Klarinet Archive - Posting 001072.txt from 1999/09

From: LeliaLoban@-----.com
Subj: [kl] Improvisation, a reply to Lelia.
Date: Thu, 30 Sep 1999 10:37:52 -0400

Steven J. Goldman wrote,
>Lelia is only partially correct in her interpretation of why certain
composers wrote out their ornaments. She is looking at specific composers
(Bach and Couperin) rather than the musical environment they were immersed
in. One could write a whole dissertation on this (and many have), but a quick
and dirty summery is what follows.>

IMHO you've given an excellent summary, quick but not dirty! Thanks. I'd
add only that although I oversimplified, I picked on those particular
composers *because* I wanted to make the point that generalizations are
dangerous: They're both exceptions to the conventional standards of their
environments.

IMHO, F. Couperin was a fussbudget even by French standards of his time.
Though his elaborate, idiosyncratic system of ornament notation is
first-rate, other composers scratched their heads over it and few of them
adopted it with any consistency. Bach's habit of dictating much of his
ornamentation caused controversy during his own lifetime. See Spitta's
biography, and also the chapter, "Bach as Seen by His Contemporaries," in the
compendium , _The Bach Reader: A Life of Johann Sebastian Bach in Letters and
Documents_, edited by Hans T. David and Arthur Mendel (revised edition, New
York: W. W. Norton & Co., 1966 & 1945). Bach did sometimes write out
ornaments for adult professional musicians, not just for students, and it's
well-documented that some of those professionals took offense. The exchange
of views on Bach's ornamentation between his contemporaries, Johann Adolph
Scheibe and Johann Abraham Birnbaum, published in that chapter, reminds me of
some of the discussions here on this list!

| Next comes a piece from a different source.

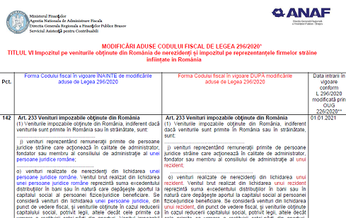 Va supunem atentiei un material oficial (9 pagini) – elaborat de DGRFP Brasov (institutie careia ii multumim pentru posibilitatea preluarii informatiilor) – ce prezinta sub forma de tabel comparativ, o serie de informatii cu privire la modificările aduse modificările aduse Codului fiscal de Legea 296/2020 – la Titlul VI „Impozitul pe veniturile obţinute din România de nerezidenţi şi impozitul pe reprezentanţele firmelor străine infiinţate in România” (material publicat în data de 11.01.2021).

Much of the controversy had to do with the solo voice parts in the cantatas.
However, I don't mean to suggest that Bach always wrote out his ornaments.
He didn't. Musicologists have written entire books (I own several) just on
how to ornament Bach's organ music that he wrote for his own performance.
Some of it wasn't published in his lifetime. Where no autograph manuscript
survives, there's often good reason to suspect that an editor corrupted the
first edition.

Stephen J. Goldman wrote,
>And of course there may be times that he just didn't want anyone to screw
around with his music (of the little we know of the man, we know he wasn't
shy or particularly humble).>

Yes, his biographies are sagas of one battle after another (highly
entertaining stuff, BTW). His aggressive personality comes through in all
the portraits of him, even those made shortly before his death, when he grew
sick and frail. Maybe the increased furrowing of the brow and narrowing of
the eyes in the later portraits result from his deteriorating eyesight, but
the light of character, as the artists saw it, also shines through and
remains consistent from youth to end of life. To me, his eyes look not only
formidably intelligent but fierce, with eyebrows cocked in a perpetual
expression of challenge. I see a stubborn thrust to the chin, and lips
poised to curl upward into...what? An arrogant sneer? A snarl? Gleeful
laughter? Who did that man think he was, anyway?!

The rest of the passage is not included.